Iraqi singer and composer (born 1957)

Kadim Jabbar Ibrahim Al Samarrai (كاظم جبار إبراهيم السامرائي; born 12 September 1957), better known by his stage name Kadim Al Sahir (كاظم الساهر), is an Iraqi singer and composer. Dubbed The Caesar, he has earned numerous local, regional, and international awards. One of the most famous singers in the Arab world, Al-Sahir has sold more than 100 million albums and written more than 40 hit songs, including "Ana Wa Layla" (Me and Layla), "Salamtak Men Al Ah" (Get Well Soon) and "La Titnahad" (Don't Sigh).

By 1988, he gained popularity in many Arab countries with compositions such as "Ladghat El-Hayya" and "Abart El-Shat". His musical career was hindered by the outbreak of the Gulf War in 1990. After leaving Iraq, his songs and titles championed the Iraqi people while they lived under Saddam Hussein's rule and Western sanctions.
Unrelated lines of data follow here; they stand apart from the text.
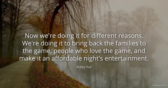 Hull, Bobby. "Now we're doing it for different reasons. We're doing it to bring back the families to the game, people who love the game, and make it an affordable night's entertainment." FixQuotes. January 17, 2026. https://fixquotes.com/quotes/now-were-doing-it-for-different-reasons-were-43613/.
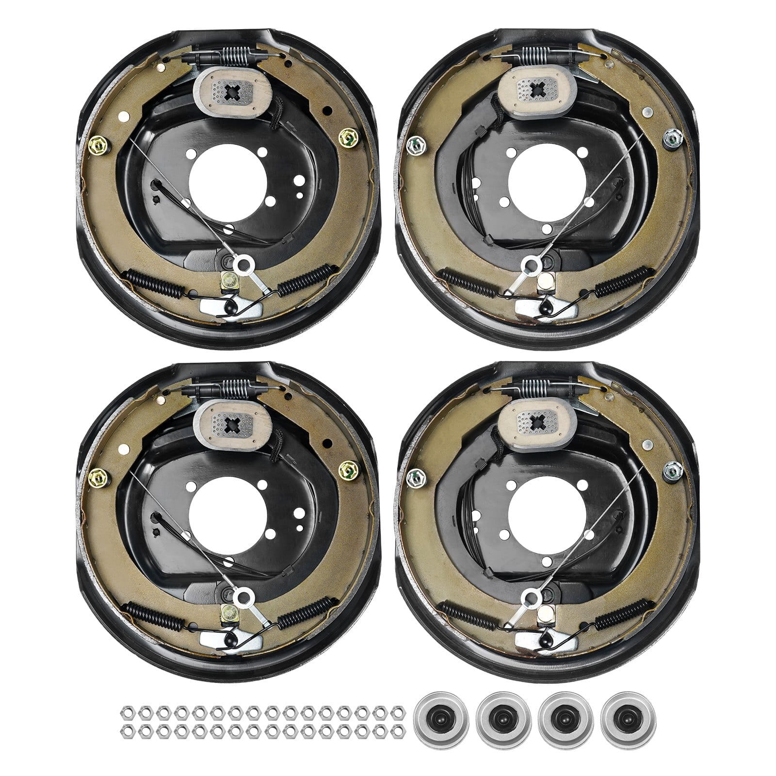 Set Includes: Two Sets (4 Brakes),Material: SPHC + Q235,Brake PadAdjustability: Self-Adjusting Feature,Magnetic Force:≥600N,Applicable Trailer Weight: 7000 lbs,Magnet Size: 12",FrictionCoefficient: 0.48,Brake Size: 12" x 2",Product Size: 13.82" x2.81",Flange Stud Count: 5,Item Model Number: BF12-Z02A*4,ProductWeight: 59.26 lbs,Lifespan: ≥30,000 km,Voltage/Current:DC12V/2.8-4.2A,Brake Pad Material: Asbestos-FreeSemi-Metallic,Brake Pad Size: 1.97" x 0.19"
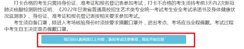 打卡合格的考生只需持身份证、准考证和报名登记表参加考试,打卡不合格的考生须持考前3天内2次新冠肺炎核酸检测阴性证明、《2022年甘肃省普通高校招生艺术类专业统一考试考生安全考试承诺书及身体健康状况监测表》、身份证、准考证和报名登记表按相关要求参加考试。
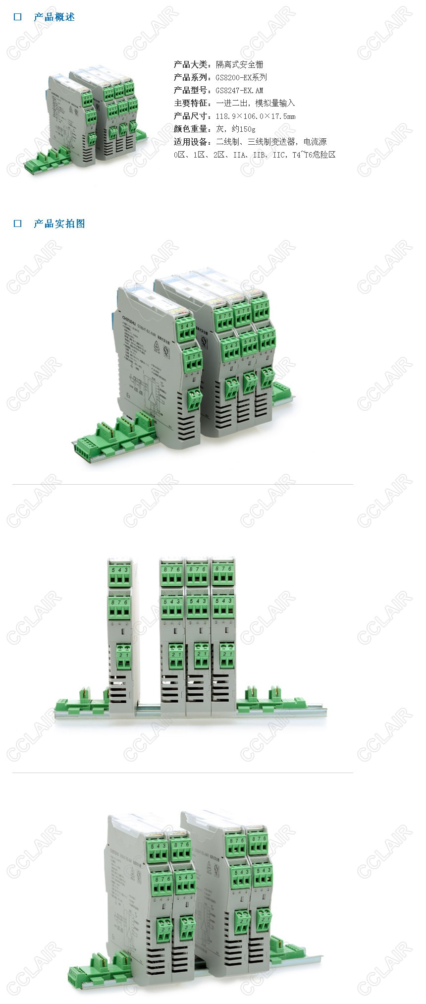 模擬量輸入,4~20mA、RS485輸出隔離柵。給危險區的變送器提供隔離電源,并將變送器或電流源產(chǎn)生的4~20mA電流信號從危險側隔離傳輸到安全側。具有RS485通訊功能,可以通過(guò)MODBUS-RTU協(xié)議組成網(wǎng)絡(luò )。通訊和電源可選擇導軌或端子連接方式。
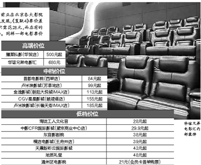在调查中北青报记者发现了一个有趣的现象是,同一品牌的影院价格差距也非常大。以耀莱为例,耀莱成龙国际影城(丽泽桥店),昨天上午11:00的票价为34元;耀莱成龙影城(王府井店),激光厅票价为45元起;耀莱成龙国际影城(慈云寺店),票价为109元起;而耀莱私影(华贸店)杜比全景声厅,票价为500元起。
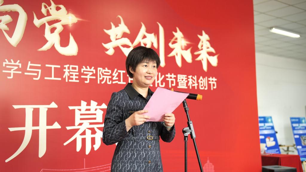 学院党委书记苏丽辉致辞。她代表学院对首届红色文化节暨第二届科创节的举行表示祝贺,回顾了学院成立以来在党建工作、科研创新和人才培养上取得的成效,号召学院师生以国家的发展为己任,继承和发扬老一辈科学家艰苦奋斗、科学报国的精神,积极强化科研实践锻炼,不断增强改革创新的能力和本领,为科技赋能强国建设贡献力量!

In 2011, he was named a goodwill ambassador by the UNICEF.

Al-Sahir has performed a wide range of Arabic music from pop to classical and singing in most Arabic dialects. His music is known for fusing traditional Arabic melodies with diverse international music forms. He has collaborated with international stars such as Quincy Jones, Sarah Brightman, Lenny Kravitz, and had frequent partnerships with the revered Syrian poet Nizar Qabbani. His romantic poetry in music has established him as a cultural icon.

He appeared as a judge in the television show The Voice: Ahla Sawt from 2012 to 2015, alongside Assi El Hallani, Sherine, and Saber Rebai. In 2020, he appeared on the frontpage of Vogue Man Arabia.

== Early life==
Al Sahir was born in Mosul, Iraq on September 12, 1957, to a Sunni father and a Shia mother from Najaf. His father lived in Baghdad but was a Samarra native from the tribe of Darraj. Kadhem Al Sahir grew up and spent a large part of his life in Al-Hurrya neighborhood in Baghdad. Growing up in a low-income household in Mosul, he saw his mother struggle to raise eight children.

Apart from his mother, Al Sahir's family were never supportive of his direction in becoming a musician. They had no faith in him that he would become successful, and instead wanted him to become a doctor or a lawyer. Al Sahir's brother once took him to different places where people usually sang, and told him it was his choice to sing in a respectful way, or he could choose to do it the bad way. He said that the only way to achieve success is for one to respect his music and respect himself.

In 1980, Al-Sahir started teaching music. Two years later, he pursued studies at the Institute of Music of Baghdad.

== Professional career ==

===1987–1996: Formative period ===
Although Al-Sahir generally steers clear of political themes, his 1987 song "Ladghat al-Hayaa" (“The Snake Bite”)—aired on Iraqi television a year before the Iran–Iraq War ended—sparked controversy because its lyrics were interpreted as a critique of the conflict. Broadcast officials demanded that he alter the lyrics or face the song being banned. In 1996, Al Saher met and formed a songwriting partnership with Syrian poet Nizar Qabbani, who wrote the lyrics to his music.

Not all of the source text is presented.